Dunwoody Mayor Denny Shortal held his first town hall meeting Thursday. (Photo by Dyana Bagby)

Dunwoody Mayor Denny Shortal said he and council members would be lobbying their legislators to support a resolution to amend the Georgia Constitution to allow cities form their own school districts.

Shortal, speaking Thursday at his first town hall of the year to a standing room crowd at All Saints Catholic Church, said schools were a top priority for his administration.

“I’m going to be at the legislature shaking hands,” he said. “We want better schools for our children. If we’re going to talk about it, let’s do something about it.”

State Rep. Tom Taylor (R-Dunwoody) first introduced House Resolution 4 in 2014 but has failed to garner the 120 votes needed in the House to pass a constitutional amendment.

Last year, HR 4 was just 12 votes shy of being passed out of the House, Shortal said.
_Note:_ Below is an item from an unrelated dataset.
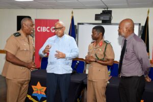 CIBC Chief Executive Officer Mark St Hill, with members of the Barbados Defence Force and Barbados health sector, as the bank commits US$250,000 to the field hospital deployed to Jamaica. (Photo: Brooks LaTouche Photography)

A proposed amendment to the state constitution must be approved by 2/3 of the House and Senate before going to the state’s voters; if successful in getting out of both chambers, the proposed amendments are to be voted on during general elections of even-numbered years.

Residents of Dunwoody, and Shortal, have long supported schools independent of DeKalb County.

“Taking over public schools to me is a big thing,” he said.

Traffic concerns were raised and Shortal promised city officials were looking into ways to alleviate congestion, including working with Brookhaven and Sandy Springs on traffic light timing.

Anyone solving the city’s traffic problems will earn a seat on the back of a convertible and riding at the front of Fourth of July parade, Shortal said to laughs.

Brook Run was also discussed, albeit briefly. Shortal said he supports putting ball fields in the park, but also understands the concerns for those who want more green space.

“I think we can have trails and fields. It doesn’t have to be either-or, it can be both,” he said.

“As long as I’m around here, everything will be above the table,” Shortal told her.